I want to run at least 4 but max 6, 1000 watt lights on that breaker (20-30 amps) but aside from what size wire to run I'm lost on the best setup as faras what type outlets and how to wire them to run four to six lights on one breaker. And if 6 is pushing that circuit I have plenty of room for more breakers but right now my plan is four. Any help would be appreciated
 

ScoobyDoobyDoo

Well-Known Member
Ok Brick you are just the person im looking for.. i hate the feeling of leaving to work and thinking something my spark and start a fire!

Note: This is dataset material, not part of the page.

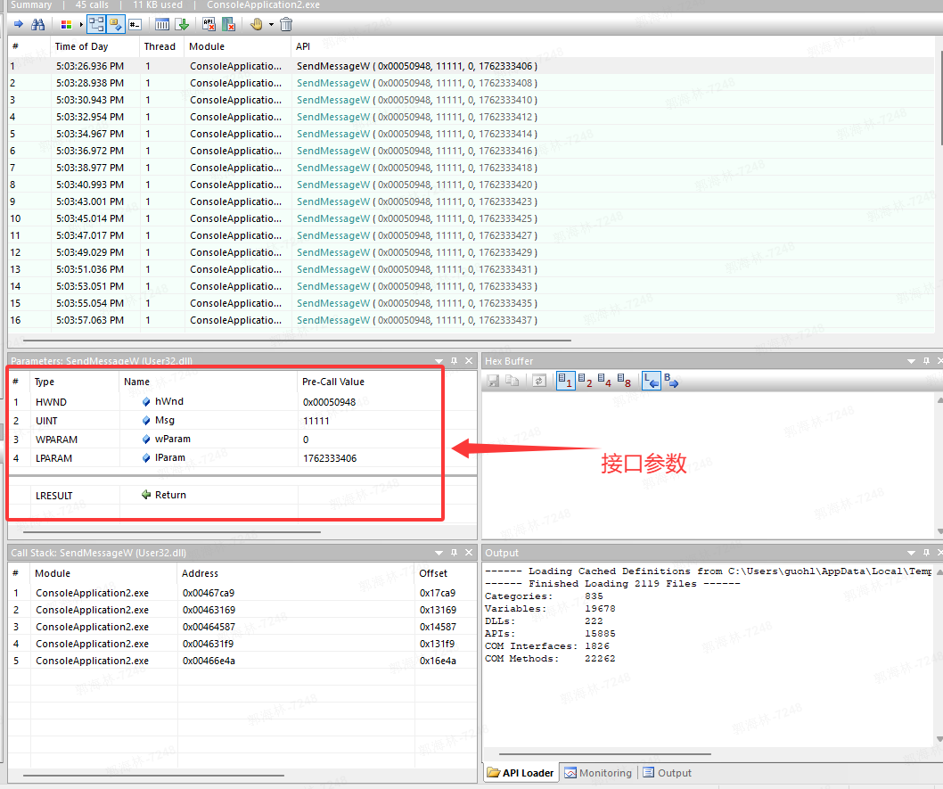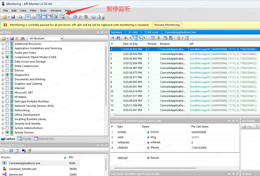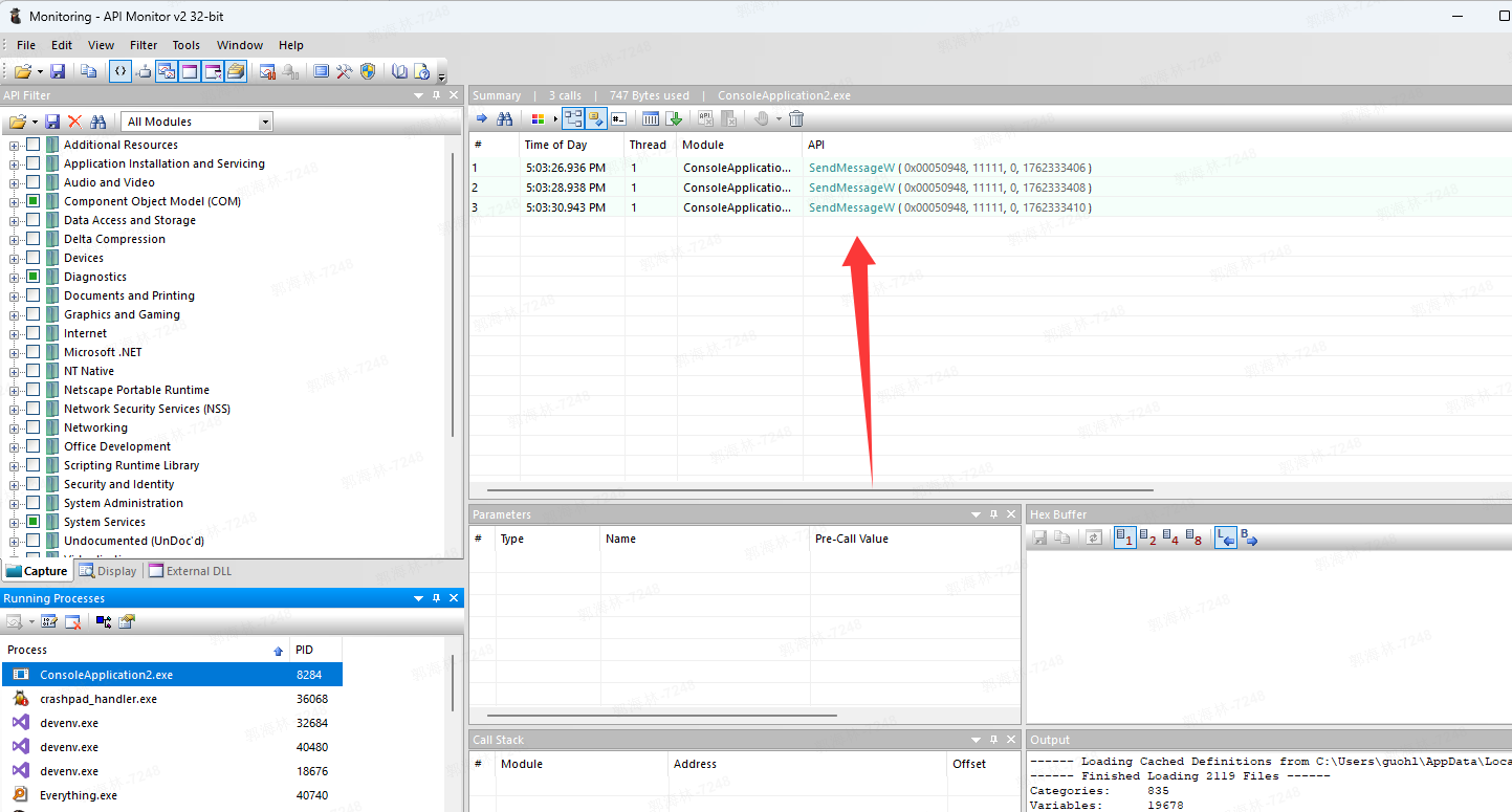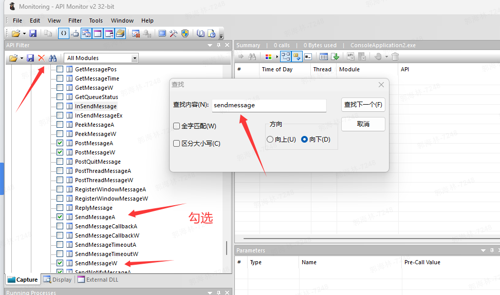 2.1、选择要监听的API(示例中:监听sendmessage,同样原理你也可以监听其他API)

So ive tried to disperse all the wiring through out the room.. like this Two ufo LED 135 watts and two 75 watt into one outlet.. then the carbon filfer into another outlet.. and a Exhaust fan in another outlet.. my other concern is my houss is a little in the older side so i dont know if i should maybe change the outlet to newer stonger ones like GFI's? Thanks for any advice
it would be some added security but with that low of an electrical draw i wouldn't worry too much. at most you are pulling 6 amps and even old circuits can handle that.
 

ScoobyDoobyDoo

Well-Known Member
Ok I have a set-up question.

I have an empty 40 amp 220 spot in my panel that was hooked to a stove I have since replaced with gas so I have tha breaker open and I can rewire it to go to my grow but I need to know the best way to go about it.
I want to run at least 4 but max 6, 1000 watt lights on that breaker (20-30 amps) but aside from what size wire to run I'm lost on the best setup as faras what type outlets and how to wire them to run four to six lights on one breaker. And if 6 is pushing that circuit I have plenty of room for more breakers but right now my plan is four. Any help would be appreciated
the easiest way would be to hardwire that breaker directly to a light controller. they are a little pricey but well worth it. works just like a sub-panel with outlets all in one. most require that you run your ballasts at 220v but there are some that run 110v; some have both. some even have built in timers. just get one large enough to fit everything you need. i use a powerbox one that has a built in digital timer, prevents hot starts, will delay firing of bulbs at startup, and even has a meter that reads your electrical draw. that's a little on the fancy side but it's great. all my lights are on the 220v outlets and my fans are on the 110v. they all run on the same timer. you can even get ones that have dual trigger cords. means you can control different banks of outlets on different timers.

if you wanna size up the outlet you can even swap out that 40amp for a 50 or 60amp. if you are gonna run 6 lights in the future it would be worth it.
 

mountain dweller

Well-Known Member
the easiest way would be to hardwire that breaker directly to a light controller. they are a little pricey but well worth it. works just like a sub-panel with outlets all in one. most require that you run your ballasts at 220v but there are some that run 110v; some have both. some even have built in timers. just get one large enough to fit everything you need. i use a powerbox one that has a built in digital timer, prevents hot starts, will delay firing of bulbs at startup, and even has a meter that reads your electrical draw. that's a little on the fancy side but it's great. all my lights are on the 220v outlets and my fans are on the 110v. they all run on the same timer. you can even get ones that have dual trigger cords. means you can control different banks of outlets on different timers.

if you wanna size up the outlet you can even swap out that 40amp for a 50 or 60amp. if you are gonna run 6 lights in the future it would be worth it.
cool,sounds like the set-up I need what does the one you have run? I was looking at the Helios 7,says it runs 8 lights at 240 but its rated 40 amps? 8 x 5amps = 40 but you wouldnt want to max it out like that right? If I got that would I want to upgrade to a 50 or 60 amp breaker or would it need to stay at 40?